На улице шел крупными хлопьями снег. Оксана, пряча подбородок в воротник, потащила Петра через дорогу. В аккуратной, не без щегольства сшитой шинели, в прическе, не похожей на ту, какую он знал раньше, она была совсем иной, чем представлялась Петру все эти долгие фронтовые дни и ночи.
— А ведь я, когда из Москвы ехал, видел тебя, — сказал Петро.
— Как видел? Где?
Оксана даже остановилась. Петро полушутливым тоном рассказал, как он тщетно гонялся за санитарной машиной.

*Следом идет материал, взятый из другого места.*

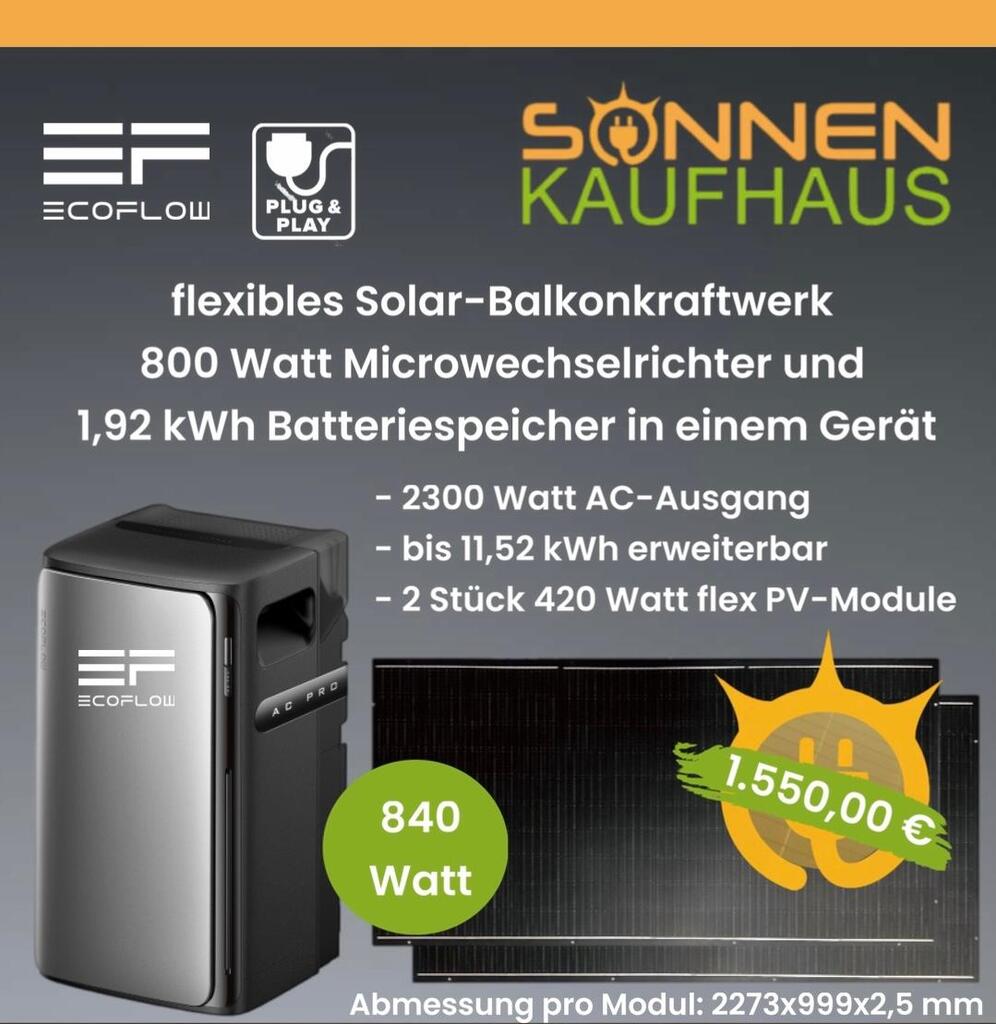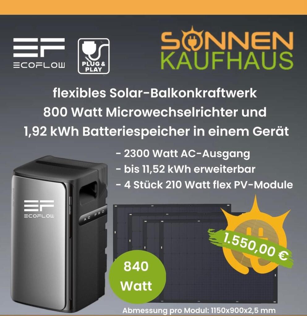 - Solar Balkonkraftwerk mit Speicher, Solaranlage mit Batterie, autarkes Balkonkraftwerk

— Ох, досада! — с горечью всплеснула руками Оксана. — А у меня почему-то так ныло сердце в тот день. Ревела весь вечер.
Они дошли до маленького домика. Оксана открыла калитку.
— Вот эта наша с Алкой хата. Как узнает, что ты появился, примчится.
Оксана вдруг остановилась..
— Алка ведь в полку Ивана вашего была, — сказала она быстро. — В санроте… Рассказывала, как знамя ее муж тебе передал… Алла Татаринцева.
— Иван? Где он?
— Сейчас в тылу. Ранен.
— Как ранен?! Его танком задавило.
Петро посмотрел на Оксану взглядом, в котором она увидела и страдание и проснувшуюся вдруг надежду.
— Да нет, Петрусь, — сказала Оксана поспешно. — Живой он!
— Правда это?
Петро крепко сжал ее руку повыше кисти и смотрел на нее изумленно и радостно.
— Живой, живой он, Петро! В госпитале для выздоравливающих А знамя вернули в полк. Алка тебе все расскажет. Пойдем в хату.
— Погоди.
Петро закрыл глаза рукой. Он столько думал о смерти брата, столько из-за этого перестрадал!
Оксана решительно и ласково отняла его руку от лица и повела за собой.
В комнате с тюлевыми занавесками на окнах, заставленных фикусами, столетниками, кактусами, было по-девичьи уютно, все блистало свежестью, чистотой.
— Тут одна дивчина жила, — пояснила Оксана. — Свою комнату нам с Аллой уступила, а сама к тетке двоюродной перешла.